藤田 日本のゲームが置かれている商業的な苦境については色々と思うところがありますが……。
 本作の特異性は、FFシリーズをやってきた身からすると、オープンワールドにチャレンジしたこと、移動が車だというのが、驚くべき変化ですね。ファンタジーなんだけれど、世界観は実際のところ、アメリカ。アメリカを車で旅行する感じに近い。主人公たちが出発する王都は、日本っぽくて、実にヘンな世界観で、そこが面白い。
西洋風の意匠と、アメリカのハイウェイ文化が出たと思えば、急にSFっぽくなり、剣と魔法のファンタジーになり、フィールドは震災後のスーパー堤防とか、チェルノブイリ周辺みたいにでかい人工物がむき出しになっていたりして、奇妙。


「ファンタジー」の再定義


藤田 「ファンタジー」の再定義の面で言えば、「ファンタジー」の世界観に、「現代」「現実」を入れるというチャレンジは成功していたように思います。どう見てもアメリカ、ベネチア、そして新宿。FF6、7で「未来」「機械」を導入したように、「現在」「現実」を導入してもいいわけだ。

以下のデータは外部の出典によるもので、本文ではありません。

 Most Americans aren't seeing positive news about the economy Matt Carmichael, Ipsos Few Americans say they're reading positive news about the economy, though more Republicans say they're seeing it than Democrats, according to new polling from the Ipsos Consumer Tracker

飯田 そのへんの無節操にも見える組み合わせは実に日本のRPGらしくて興味深い。風景のデザインはもっと奇抜でもよかったけども。移動が長いゲームなので、見飽きない風景であってほしかった。


藤田 物語内容的に言うと、ジャンルのお約束を一回リセットしたお陰で、プレイしながらこっちが事前に想定している展開にならないので、スリリングな感じがします。オープニングも、結婚式に向かうために男四人が砂漠を車で走らせるという『ハング・オーバー』方式ですよね。
 ファンタジーとして、「結婚するまでの猶予で、野郎4人で、アメリカの田舎のようなところをドライブしてキャンプして釣りをしたり狩りをしたりして遊ぶ」が出てくるのが、実に興味深いんですよ。剣と魔法とか、自然が豊かな中世とか(『ウィッチャー』とか)ではなくて、「結婚するまで、野郎4人でだらだらする」ことこそが、現代の「ファンタジー」なんだなぁ、ってのは、胸に沁みましたね。

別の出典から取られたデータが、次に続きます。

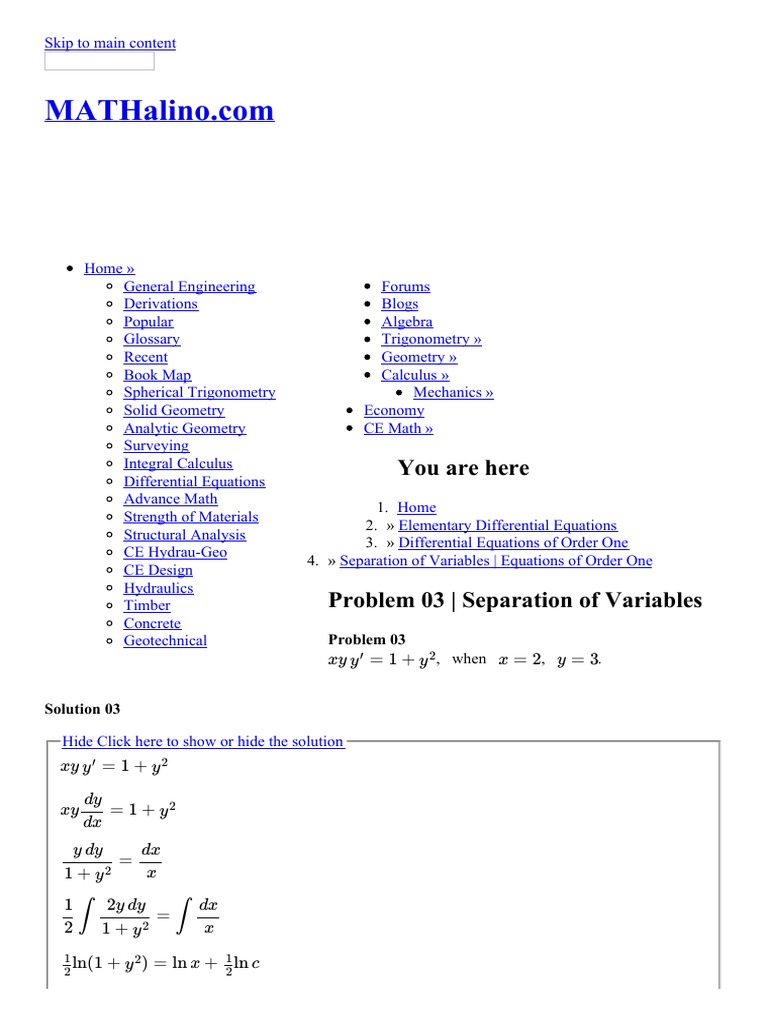 Problem 03 _ Separation of Variables _ Elementary Differential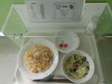 献立 キムチチャーハン・にら玉スープ・さくらんぼ・牛乳 産地 米・・・・・・茨...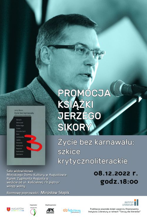 Augustowskie Placówki Kultury oraz Fundacja Słowo i Obraz zapraszają na spotkanie z ks. Jerzym Sikorą w ramach cyklu „Kawiarenka Literacka. 8 grudnia 2022 o godz. 18:00 w sali widowiskowej Miejskiego Domu Kultury w Augustowie (Rynek Zygmunta Augusta 9, wejście od ul. Kościelnej, II piętro) z poetą porozmawia Mirosław Słapik.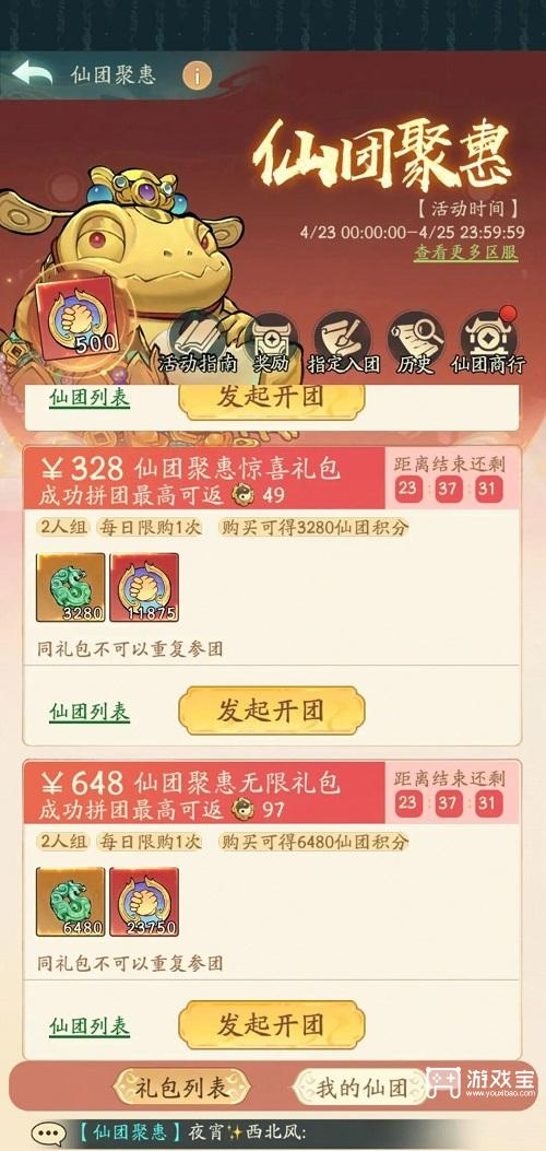 仙团聚惠是寻道大千手游中的团购类限时活动,每2-3个月开启一次,持续3天。活动核心机制为组队拼团购买礼包,通过返利机制和积分兑换,具体玩法可以参考寻道大千仙团聚惠活动详细攻略。

飯田 男女の恋愛はなるべく後景に置いて、同性だけで進めるのは今っぽい。『ラブライブ!』とかもそうだし。
ただ、男性陣がラストのシリアスなはずの場面に至るまで軽口たたき合って和気藹々としている一方で、主人公の恋人が典型だけど女性キャラの命は軽い世界になっているのは気になったかな。

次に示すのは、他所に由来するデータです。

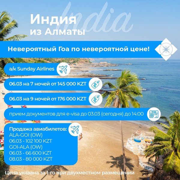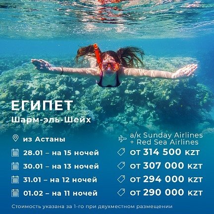Astana 27.01 на 14+1 ночей от 573 000 KZT Бангкок а/к Air Astana 25.01 на 6 ночей от 436 000 KZT Турция Анталия а/к Air Astana 03.02 на 7 ночей от 189 000 KZT Египет Шарм-Эль-Шейх а/к Sunday Airlines + Red Sea Airlines 02.02 на 12 ночей от 290 000 KZT Италия а/к Neos экскурсионные туры 19.01 на 6 ночей от 811 000 KZT Вьетнам а/к VietJet 25.01 на 6 ночей от 388 000 KZT Китай а/к SCAT Airlines 20.01 на 11 ночей от 338 000 KZT Индия а/к Sunday Airlines 27.01 на 7 ночей от 306 000 KZT Мальдивы а/к Air Astana 26.01 на 12 ночей от 668 000 KZT Шри-Ланка а/к Air Astana 23.01 на 11 ночей от 422 000 KZT из АКТОБЕ Египет Шарм-Эль-Шейх а/к Sunday Airlines 09.03 на 11 ночей от 271 000 KZT из ШЫМКЕНТА Египет Шарм-Эль-Шейх а/к Sunday Airlines 13.02 на 9 ночей от 259 000 KZT ОАЭ Дубай а/к flydubai 24.01 на 10 ночей от 329 000 KZT Цена указана за 1 человека при двухместном размещении Спешите бронировать.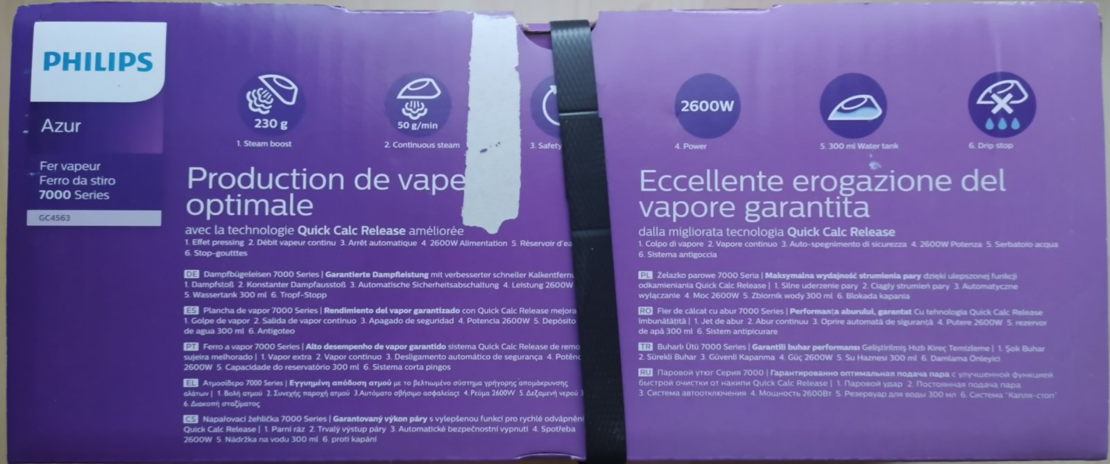 Predám novú zabalenú naparovaciu žehličku Philips azur 7000 series s vylepšenou funkciou pre rýchle odvápnenie, parný ráz, trvalý výstup pary, automatické bezpečnostné vypnutie, spotreba 2 600 W, nádržka na vodu 300ml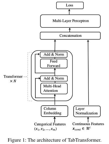 TabTransformer는 N개의 transformer과 MLP로 구성되어있다.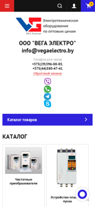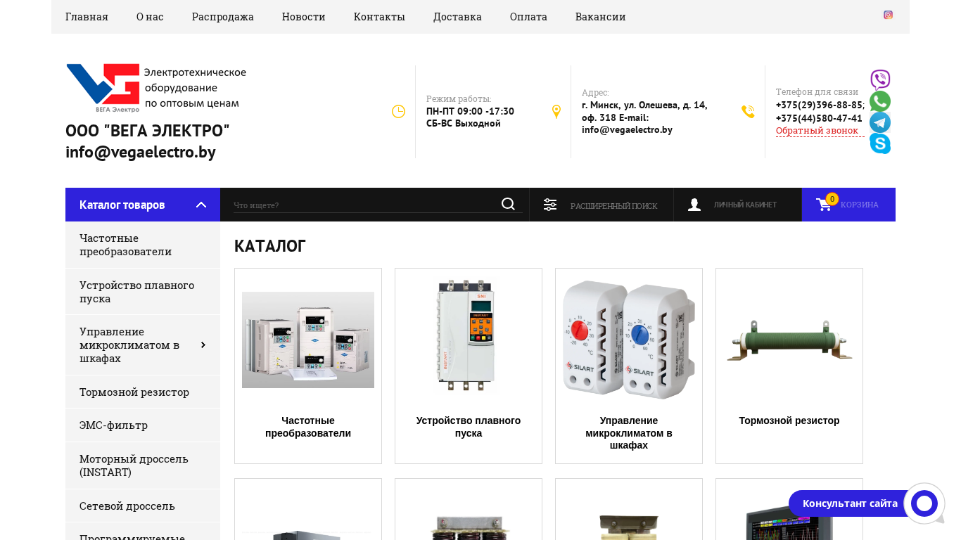 | SEO-описание | Официальный дистрибьютер частотных преобразователей INSTART и CANROON в Беларуси. Частотные преобразователи с гарантией 3 года. Доставка по Минску и Беларуси. Электротехническая продукция от мировых брендов по оптовым ценам. Грамотная консультация. Гарантия качества. Нужна электрика? Звоните либо пишите на e-mail info@vegaelectro.by |

藤田 FFでは女性は昔から死にまくるんですよw 4でも7でも。5ではジジイが死んでいるんで、まぁそこはそれで。
 一番驚いたのは、オープンワールドのゲームって、自分で探索するのが面白いわけですよ。GTAにしろFalloutもウィッチャーも。でも、FF15は、車の運転もオートだったりしてw プレイしないで風景を見ているだけの時間がかなりあるんですよw これは思い切ったなと。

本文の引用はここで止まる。